> TASK TO CARRY OUT:
For this exercise, output the entries below exactly from the line that holds "It is possible" to the line that holds "A stunning woman", both ends included. No pictures belong in the copy.

> DATA FOR THIS TASK:
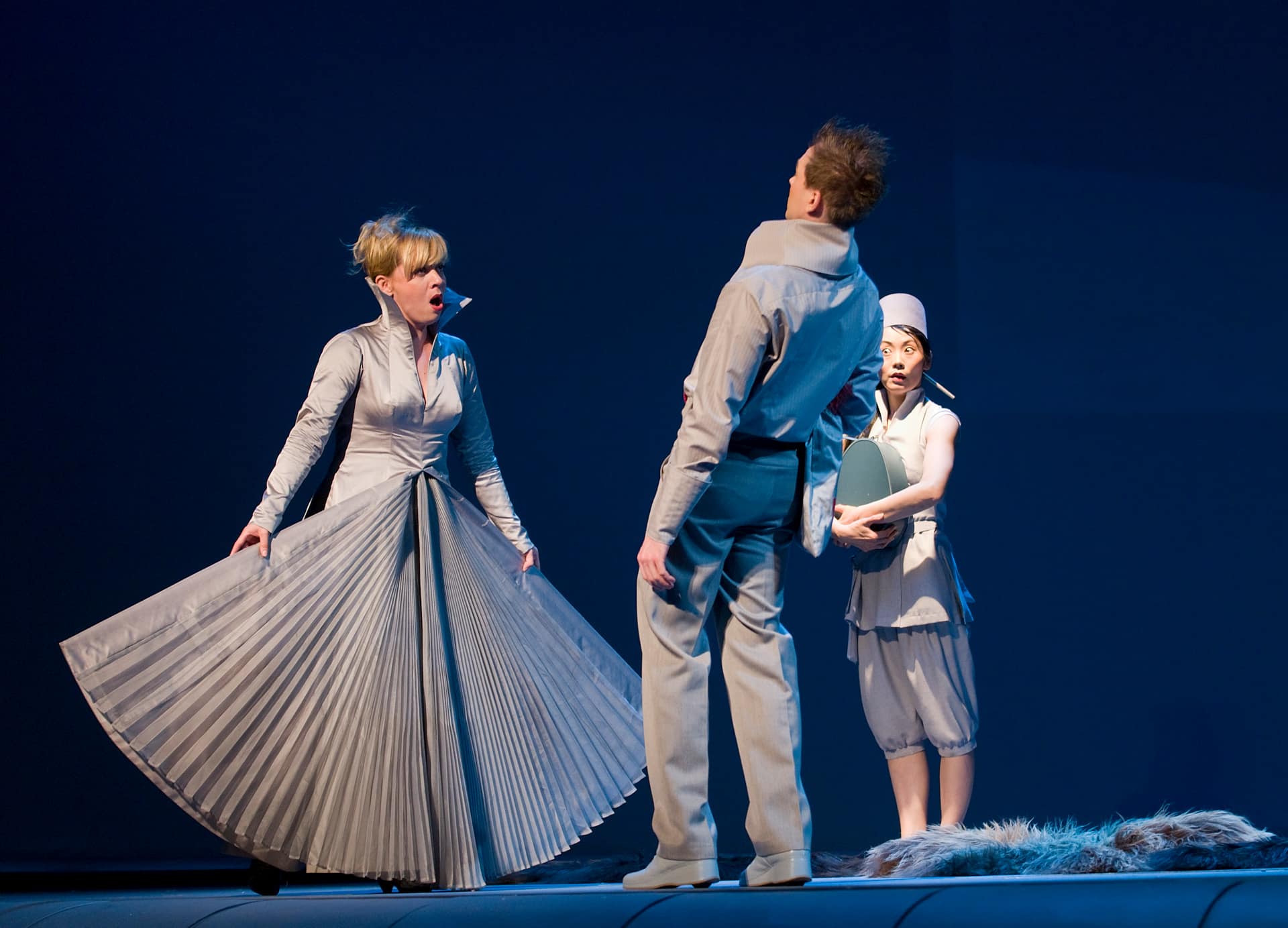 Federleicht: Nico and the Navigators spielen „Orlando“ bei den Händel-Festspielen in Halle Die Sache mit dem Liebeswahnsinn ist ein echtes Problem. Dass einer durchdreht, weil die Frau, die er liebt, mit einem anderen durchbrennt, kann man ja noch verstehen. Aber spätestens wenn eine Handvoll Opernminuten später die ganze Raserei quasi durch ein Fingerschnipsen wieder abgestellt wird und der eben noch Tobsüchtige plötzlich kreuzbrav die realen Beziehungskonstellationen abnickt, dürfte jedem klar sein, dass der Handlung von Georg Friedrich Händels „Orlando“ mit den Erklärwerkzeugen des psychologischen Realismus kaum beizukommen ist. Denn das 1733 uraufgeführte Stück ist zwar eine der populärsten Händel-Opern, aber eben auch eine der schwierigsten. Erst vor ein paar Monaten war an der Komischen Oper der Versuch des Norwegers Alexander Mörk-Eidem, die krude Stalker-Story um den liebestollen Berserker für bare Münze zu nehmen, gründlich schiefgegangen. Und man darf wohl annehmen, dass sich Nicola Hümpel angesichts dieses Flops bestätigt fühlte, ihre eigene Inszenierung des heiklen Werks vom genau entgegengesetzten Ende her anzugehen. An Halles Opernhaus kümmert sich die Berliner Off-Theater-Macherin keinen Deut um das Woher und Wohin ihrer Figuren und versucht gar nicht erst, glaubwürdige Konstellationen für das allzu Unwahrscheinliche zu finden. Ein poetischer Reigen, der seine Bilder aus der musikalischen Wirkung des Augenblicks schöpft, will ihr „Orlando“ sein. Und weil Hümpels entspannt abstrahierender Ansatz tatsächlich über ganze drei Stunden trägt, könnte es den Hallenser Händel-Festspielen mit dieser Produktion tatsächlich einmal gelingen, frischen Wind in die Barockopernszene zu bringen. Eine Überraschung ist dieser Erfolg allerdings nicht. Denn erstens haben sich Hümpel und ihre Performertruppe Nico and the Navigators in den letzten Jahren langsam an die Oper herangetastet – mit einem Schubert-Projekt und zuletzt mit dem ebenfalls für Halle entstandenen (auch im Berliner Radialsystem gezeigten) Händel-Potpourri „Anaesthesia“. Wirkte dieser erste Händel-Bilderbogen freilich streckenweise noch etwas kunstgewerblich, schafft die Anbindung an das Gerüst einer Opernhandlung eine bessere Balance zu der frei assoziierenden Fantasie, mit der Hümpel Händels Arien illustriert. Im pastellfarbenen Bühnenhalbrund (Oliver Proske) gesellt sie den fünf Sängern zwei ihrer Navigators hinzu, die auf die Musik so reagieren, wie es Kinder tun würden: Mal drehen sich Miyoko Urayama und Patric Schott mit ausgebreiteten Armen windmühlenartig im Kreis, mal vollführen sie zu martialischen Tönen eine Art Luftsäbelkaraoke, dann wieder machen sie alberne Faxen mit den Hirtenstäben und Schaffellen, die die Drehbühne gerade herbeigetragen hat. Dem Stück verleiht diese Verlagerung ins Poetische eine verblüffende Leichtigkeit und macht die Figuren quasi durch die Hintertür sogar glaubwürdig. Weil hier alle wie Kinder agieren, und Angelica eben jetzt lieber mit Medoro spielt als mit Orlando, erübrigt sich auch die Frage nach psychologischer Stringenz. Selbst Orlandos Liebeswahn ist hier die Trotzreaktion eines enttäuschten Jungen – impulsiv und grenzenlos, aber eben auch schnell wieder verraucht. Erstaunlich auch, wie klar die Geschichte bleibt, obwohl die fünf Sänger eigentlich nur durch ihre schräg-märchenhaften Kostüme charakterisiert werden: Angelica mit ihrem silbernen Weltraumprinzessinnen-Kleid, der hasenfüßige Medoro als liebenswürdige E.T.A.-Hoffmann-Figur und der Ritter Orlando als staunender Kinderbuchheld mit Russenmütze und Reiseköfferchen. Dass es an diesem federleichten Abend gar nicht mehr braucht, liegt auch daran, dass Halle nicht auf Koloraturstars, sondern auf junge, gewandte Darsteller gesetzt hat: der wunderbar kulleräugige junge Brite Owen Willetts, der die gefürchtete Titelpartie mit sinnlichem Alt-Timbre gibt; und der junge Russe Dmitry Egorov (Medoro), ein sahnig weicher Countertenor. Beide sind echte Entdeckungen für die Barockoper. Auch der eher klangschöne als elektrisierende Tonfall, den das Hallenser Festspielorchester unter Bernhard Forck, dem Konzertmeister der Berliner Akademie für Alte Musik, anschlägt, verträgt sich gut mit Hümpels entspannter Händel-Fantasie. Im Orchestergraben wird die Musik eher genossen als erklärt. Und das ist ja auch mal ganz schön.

---

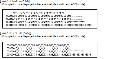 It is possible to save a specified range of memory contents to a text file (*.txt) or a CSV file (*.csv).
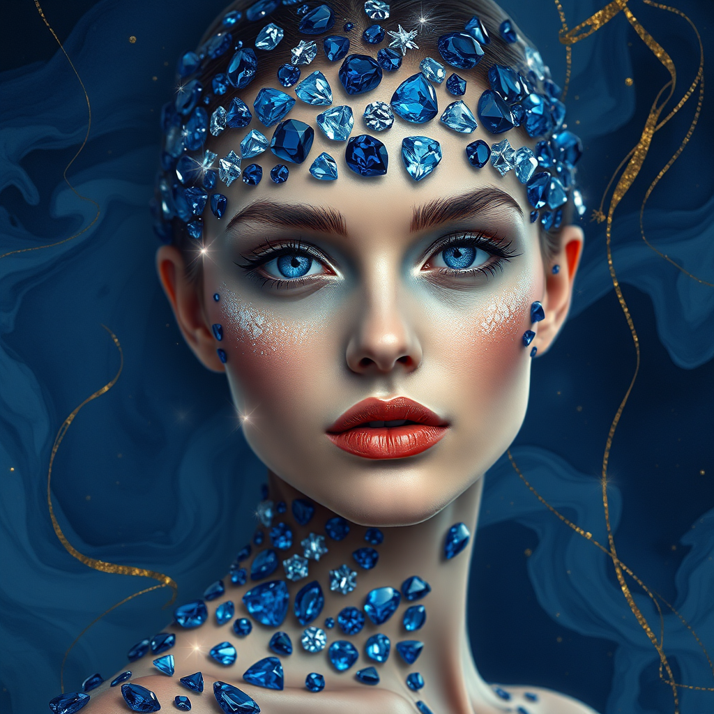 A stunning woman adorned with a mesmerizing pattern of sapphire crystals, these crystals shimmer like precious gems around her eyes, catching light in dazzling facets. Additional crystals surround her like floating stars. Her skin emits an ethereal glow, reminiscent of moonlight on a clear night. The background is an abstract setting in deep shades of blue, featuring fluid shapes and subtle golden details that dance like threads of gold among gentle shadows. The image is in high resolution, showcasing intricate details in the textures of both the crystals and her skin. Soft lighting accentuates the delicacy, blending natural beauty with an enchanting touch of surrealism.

---

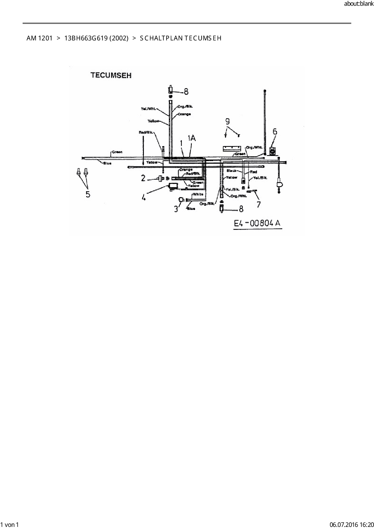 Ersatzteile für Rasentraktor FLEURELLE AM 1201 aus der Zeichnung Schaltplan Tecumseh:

> THE COMPLETED TASK:
 It is possible to save a specified range of memory contents to a text file (*.txt) or a CSV file (*.csv).
 A stunning woman adorned with a mesmerizing pattern of sapphire crystals, these crystals shimmer like precious gems around her eyes, catching light in dazzling facets. Additional crystals surround her like floating stars. Her skin emits an ethereal glow, reminiscent of moonlight on a clear night. The background is an abstract setting in deep shades of blue, featuring fluid shapes and subtle golden details that dance like threads of gold among gentle shadows. The image is in high resolution, showcasing intricate details in the textures of both the crystals and her skin. Soft lighting accentuates the delicacy, blending natural beauty with an enchanting touch of surrealism.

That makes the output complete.